# STEROIDS FORUM > IGF-1 LR3, HGH, and INSULIN QUESTIONS >  Serotropin

## BAMBAM2385

Any have any feedback on this brand? Comes 20iu's per vial

There's been some bs on other forums about it feedback seems to be up and down and wanted to see what you guys had to say about it.

----------


## alextg

I dont know anything about that hgh , but was looking at the net and some forums and some ppl claimed its fake.Not only from the stats of the company a so called representative of the company inside the forum appeared (like the actual company has a PO Box as an address etc) but from their webpage itself and some things that doesnt go together ...

To be sure i'd stay away from it and find something more certain to be not fake ... Thats only my opinion.Hope i helped
Good luck

----------


## Govaga

What about this brand, is this familar to anyone?

----------


## alextg

you're asking if jins are familiar ? Yes they are very well known.But i dont know if the ones u have are legit cause i think the factory stopped exporting long time now ... Someone else might be more familiar about jins ..

----------


## Govaga

Thanks.... I'll do a little more research. Can you recommend the appropriate area to post?

----------


## dback

so what is the verdict on the serotropin? gtg?

----------


## alextg

if ur asking me , i wouldnt get it ... i prefer getting something with many good feedbacks ...

----------


## petethemanc

> What about this brand, is this familar to anyone?

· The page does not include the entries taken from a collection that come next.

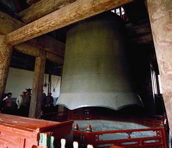 大钟铸于明永乐年间,距今已500多年。钟通高6.94米,外径3.30米,钟唇厚度18.5厘米,重量46.5吨。钟身内外整齐地铸有佛教经典17种,总计227000多字,字体工整、坚韧、相传为明朝书法家沈度的手笔。大钟具有五绝:
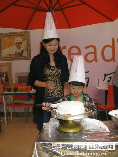 昆明信息港讯 记者席靖辉 “俊客会俊发宝贝月蛋糕DIY·亲子活动”今日上午9:30在新西南广场面包新语温馨举行。来自俊园里的30个俊客会会员家庭快乐上演了一场“蛋糕DIY 温情show”。
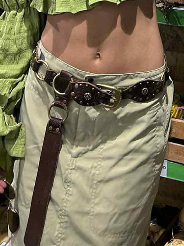 Cinturón de hebilla de patchwork de cuero con anillo recortado de remache vintage
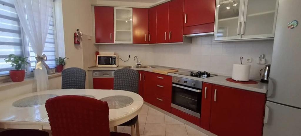 Apartmán doporučil, vše jak je popsáno (myčka, trouba, velká lednice, bidet). Ohromující výhled na moře z balkonu a kuchyně. V jedné ložnici je další balkon s výhledem na moře, a ve druhém okně s výhledem na krásné hory. Na pozemku je bazén s krásným výhledem na moře a hory. Na nedaleké pláži (v přízemí), je velmi intimní, tam nebylo moc lidí - malá pláž oblázky a mnoho míst, kamenitá / beton, a to, co je důležité temný. Velmi pěkný hostitel (Ivo vás a vaši rodinu pozdravit) - milý a ochotný. Jednoho dne nám on přinesl teplé sušenky s náplní.

Jins are very good, but im afraid the ones you have are counterfeit my friend. Mine are all sealed with anti counterfeit codes. Did your source tell you that a Gensci engineer left and his making his own?

----------


## HIITB$

bump on this, anyone know anything else about serotropin be good or bad? I ordered some Blues from source and got these instead. 5-20iu bottle. Not even sure if it's worth running or not  :Frown:

----------


## HIITB$

last bump but if anyone has anything good or bad to say about these id like to hear it  :7up:

----------


## 2gethuge

Any one out there try these? I have some on the way and would like to hear what others think of them.

----------


## BigBilly

I have been using them for a while they are legit and best price out there right now. Lots of feedback on thesourcecheck.com about them. They have other shit to like igf but havent used that.

----------


## 2gethuge

Bump for some more feedback.

----------


## lovbyts

> I have been using them for a while they are legit and best price out there right now. Lots of feedback on thesourcecheck.com about them. They have other shit to like igf but havent used that.

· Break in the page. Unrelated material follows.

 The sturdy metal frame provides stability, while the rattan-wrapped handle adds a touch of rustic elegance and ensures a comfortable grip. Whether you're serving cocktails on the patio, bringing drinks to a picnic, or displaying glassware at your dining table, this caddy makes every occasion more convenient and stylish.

Looks like someone is promoting the source check to me... One post and other first or 2nd time posters. yeah we ill jump on the band wagon.  :Aajack:

----------


## HIITB$

> Looks like someone is promoting the source check to me... One post and other first or 2nd time posters. yeah we ill jump on the band wagon.



Maybe he is but i still wish i knew if there was a lot of feedback about them over there or not LOL

----------


## HIITB$

shameless bump

----------


## Barch

I haven't used the Serotropins, but there is a site where there's a lot of good feedback on them..

----------


## ciscoccie

This is sold in Canada, I know somebody who used it with good results

----------


## 2gethuge

Any more feedback?

----------


## ezlimitz

there is another site where there are a lot of pos comments...let me know what you think if you get them...

----------


## Z0SIKS

I am using the red box serotropin....Having good results after 4 months, had the china kind with no results......Lost about 4% bf and getting huge pumps with slight hand numbness, tell-tale signs of good GH.....Just my 2 cents.

----------